### [Supplied data]
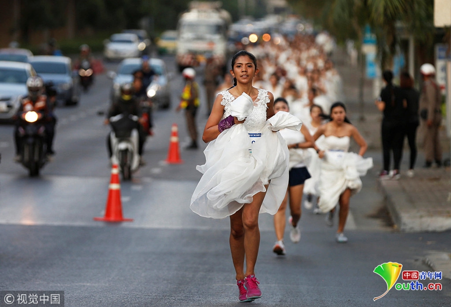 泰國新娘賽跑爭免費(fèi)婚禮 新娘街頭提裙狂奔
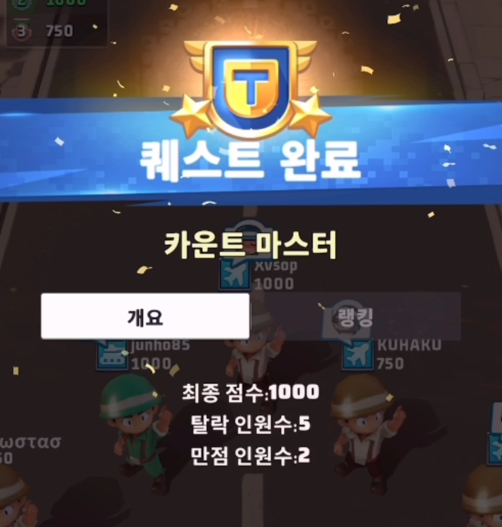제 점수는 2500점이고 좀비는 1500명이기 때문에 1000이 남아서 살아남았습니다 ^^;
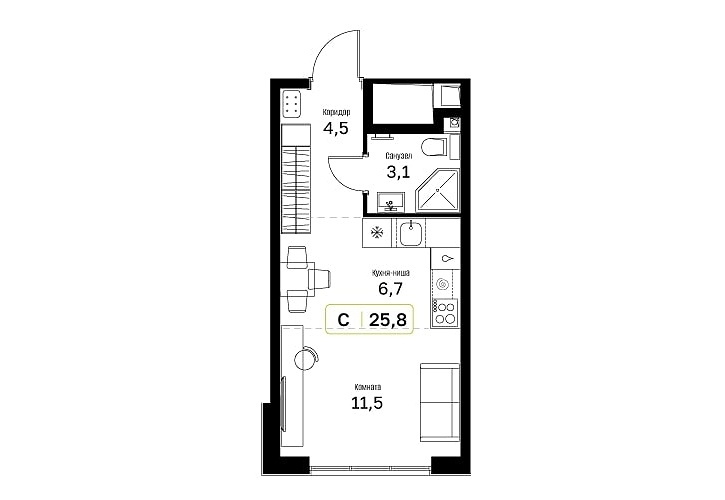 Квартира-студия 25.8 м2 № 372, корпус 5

### [Work instruction]
Every line above should be output exactly, except for the pictures.

### [Result of the exercise]
 泰國新娘賽跑爭免費(fèi)婚禮 新娘街頭提裙狂奔
제 점수는 2500점이고 좀비는 1500명이기 때문에 1000이 남아서 살아남았습니다 ^^;
 Квартира-студия 25.8 м2 № 372, корпус 5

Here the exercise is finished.